Task item - Once you reach the line with "твид блэкаут, зелёный" below, copy each line exactly, stopping after the line with "塞浦路斯總統(tǒng)尼克", and skip any pictures.

Information -
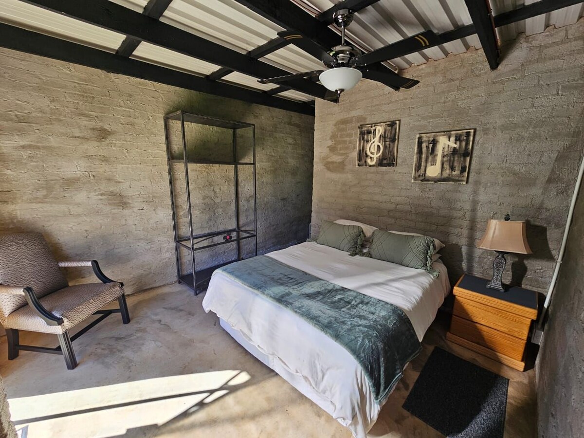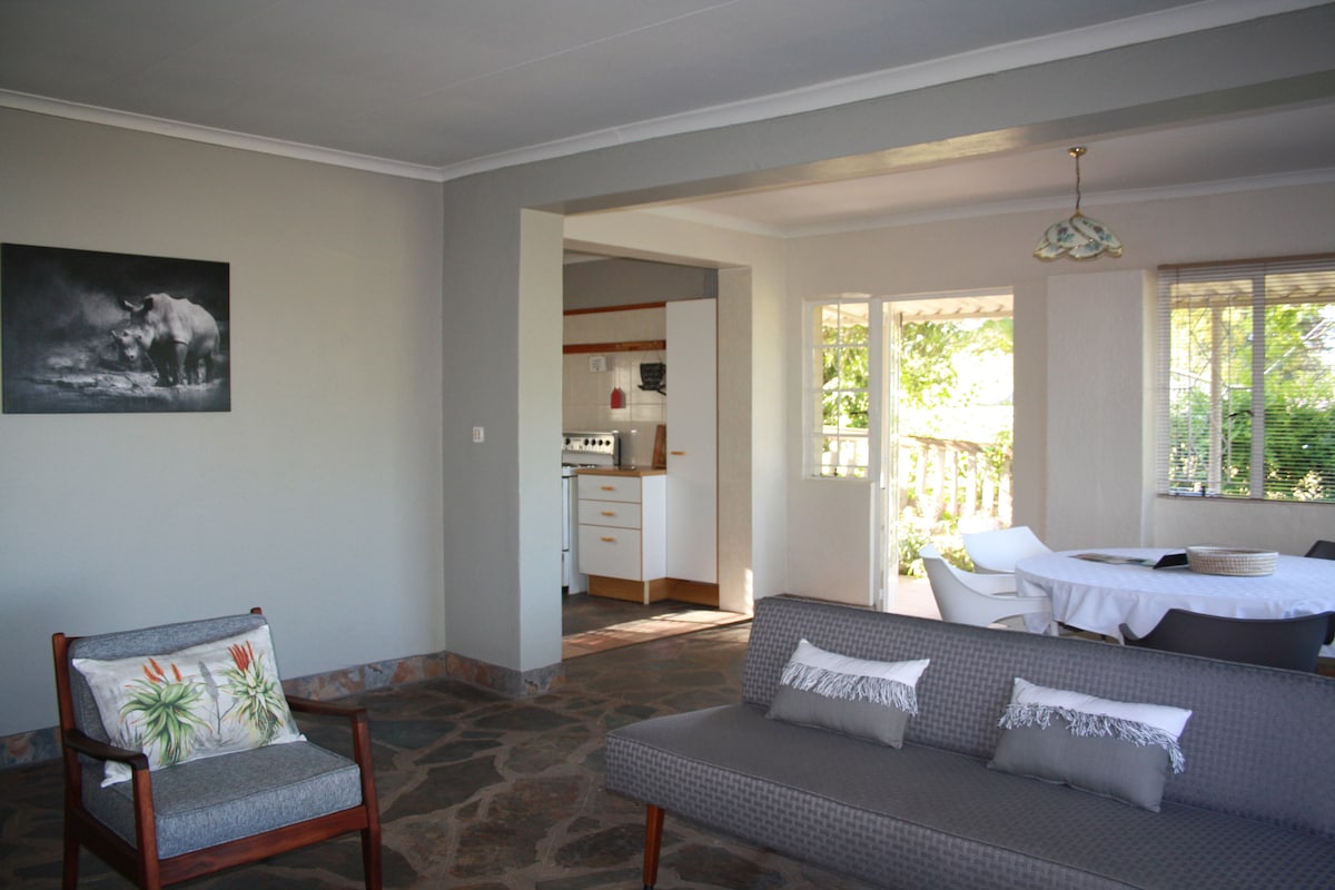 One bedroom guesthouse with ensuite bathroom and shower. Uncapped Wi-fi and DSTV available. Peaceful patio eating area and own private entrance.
==
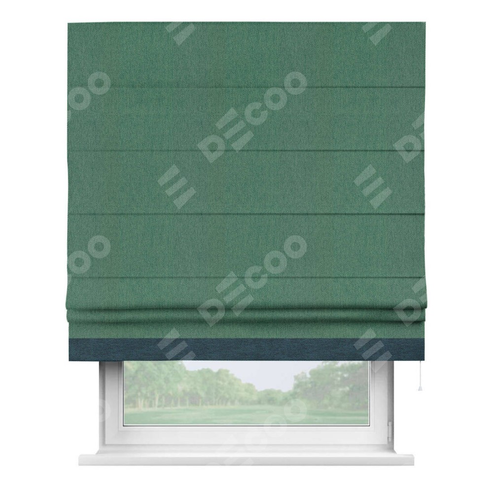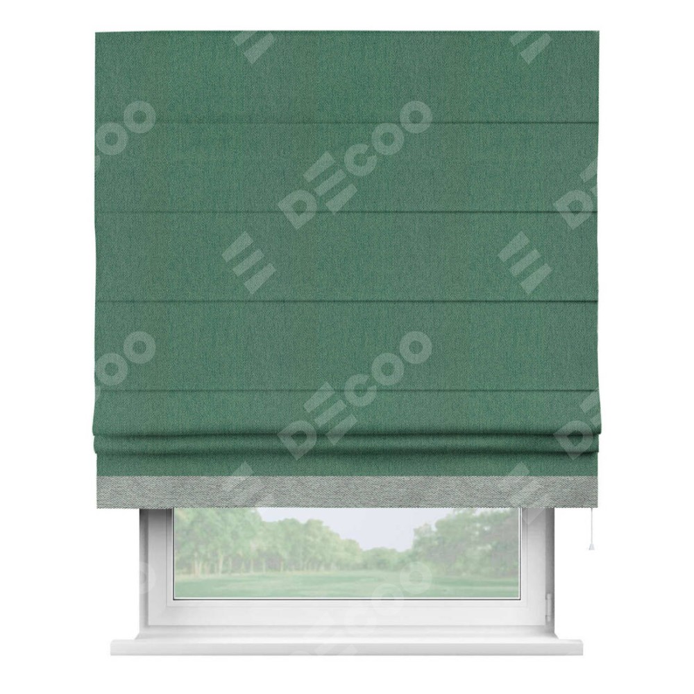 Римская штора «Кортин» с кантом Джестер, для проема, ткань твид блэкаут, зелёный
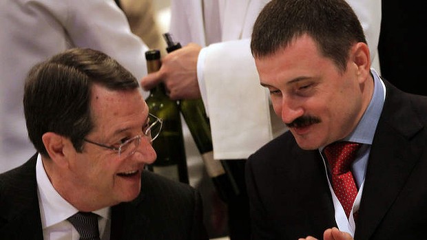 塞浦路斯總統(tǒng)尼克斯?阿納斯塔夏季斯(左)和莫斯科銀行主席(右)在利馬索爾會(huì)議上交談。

Task result -
 Римская штора «Кортин» с кантом Джестер, для проема, ткань твид блэкаут, зелёный
 塞浦路斯總統(tǒng)尼克斯?阿納斯塔夏季斯(左)和莫斯科銀行主席(右)在利馬索爾會(huì)議上交談。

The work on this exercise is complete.